Safety assessments included physical examinations, electrocardiograms, vital signs measurements (blood pressure, pulse), and laboratory evaluations (biochemistry, hematology, urinalysis) prior to the study, at multiple times during the trial, and at study completion (last day of the last treatment period). The assessments during the study consisted of laboratory parameters (biochemistry, haematology) 24, 48, 72, 96 and 120 hours post-dose; vital signs at pre-dose as well as 24 and 48 hours thereafter, and an electrocardiogram pre-dose and 2, 8, 10, 12, 24, 36 and 48 hours post-dose. In addition, adverse event monitoring took place.

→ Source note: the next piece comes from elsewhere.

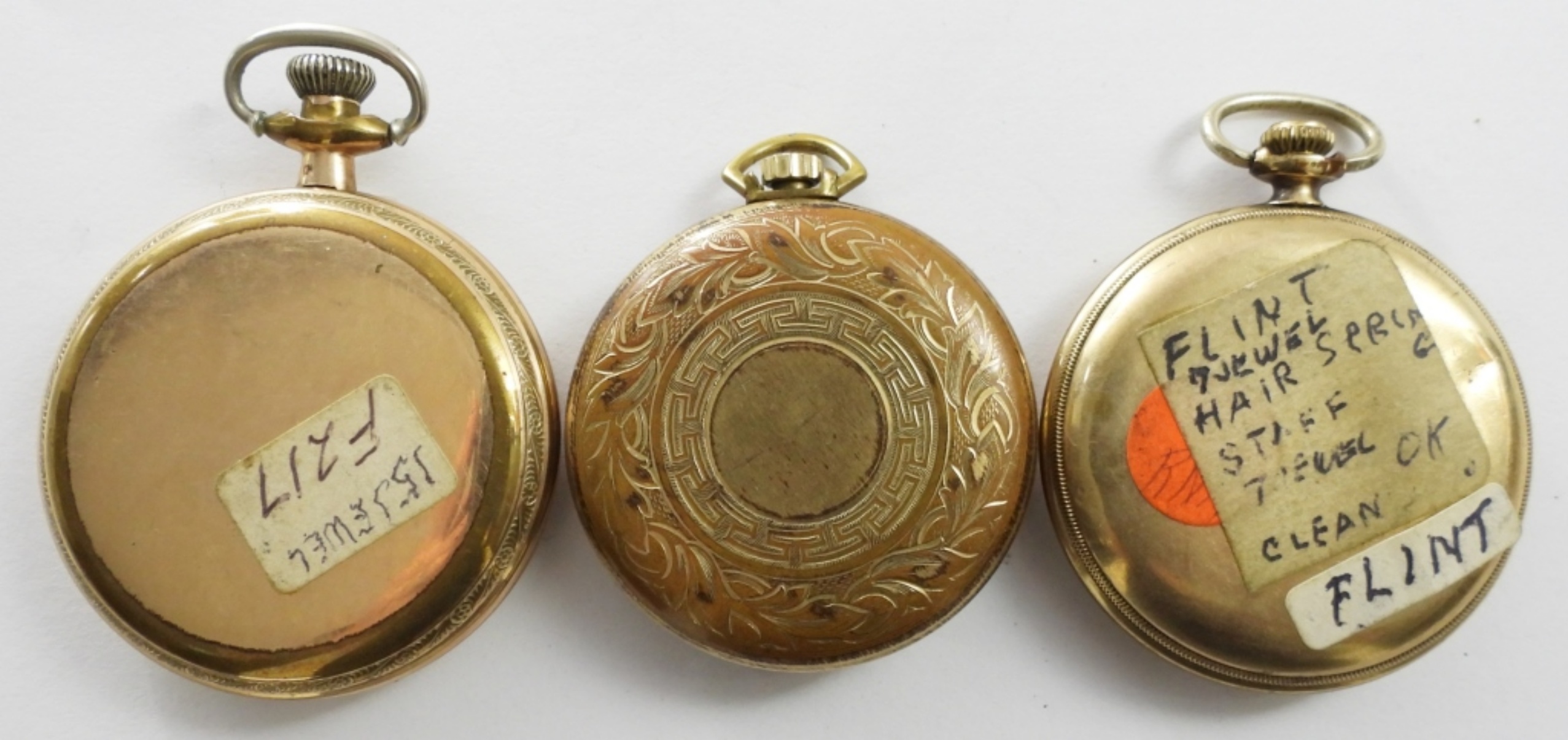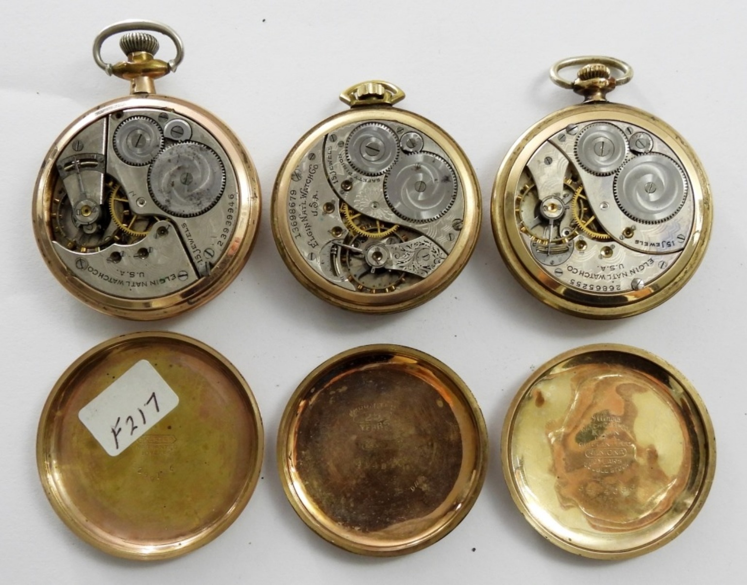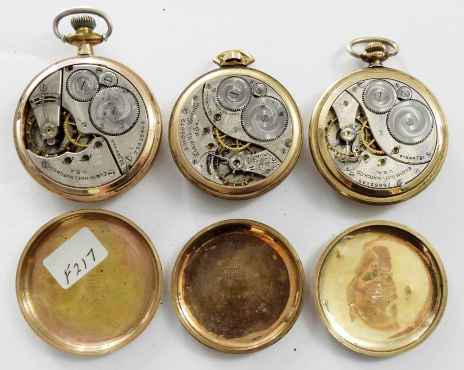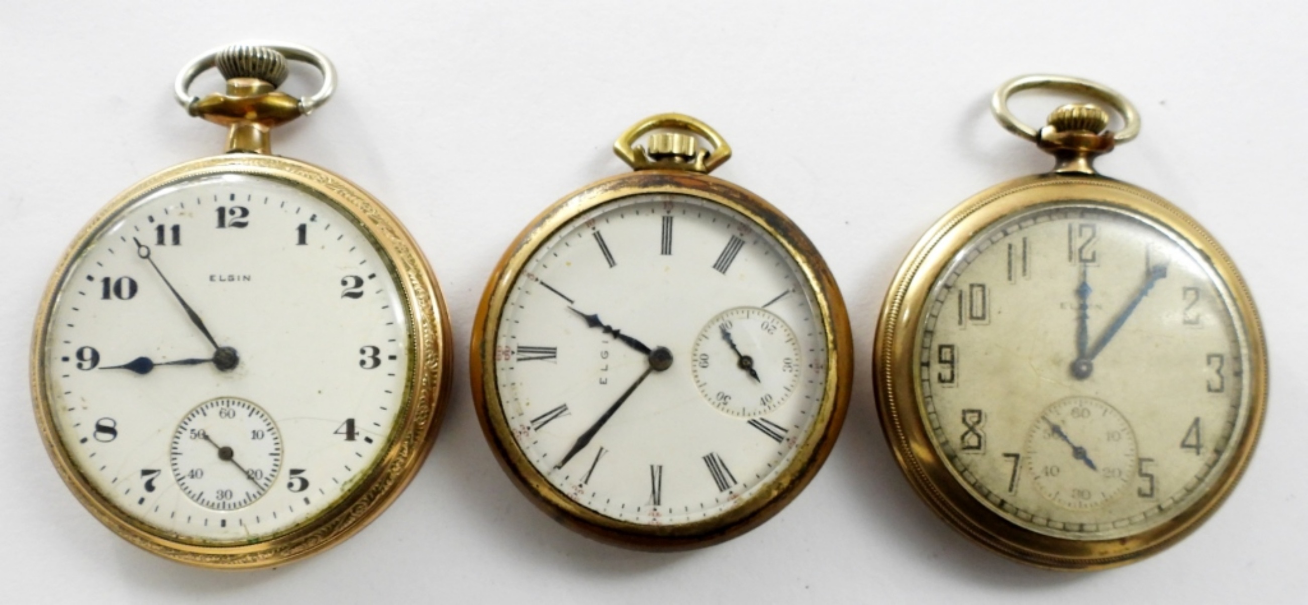 (3) VTG ELGIN GOLD TONE POCKET WATCHES ,1909 12 SIZE #13698679, 15 JEWELS GRADE 314, 1921 16 SIZE # 23939946, 15 JEWELS GRADE 313, 1924 12 SIZE #26865255, 15 JEWELS GRADE 315,( NOT WORKING NEEDS SERVICE & REPAIR)

Blood samples for artemether and DHA analysis (3.5 ml) were collected before drug intake and at 0.5, 0.75, 1, 1.5, 2, 3, 4, 6, 8, 10, 12, 16, 24, 36 and 48 hours after dosing. For lumefantrine measurements, blood sampling (2.5 ml) occurred at pre-dose and at 0.5, 1, 1.5, 2, 3, 4, 5, 6, 8, 10, 12, 16, 24, 36, 48, 72, 96, 120, 168, 216 and 264 hours post-dose. All blood samples were taken by venepuncture into heparin-coated tubes. After centrifugation, aliquots of plasma were taken and frozen at -70°C until analysis.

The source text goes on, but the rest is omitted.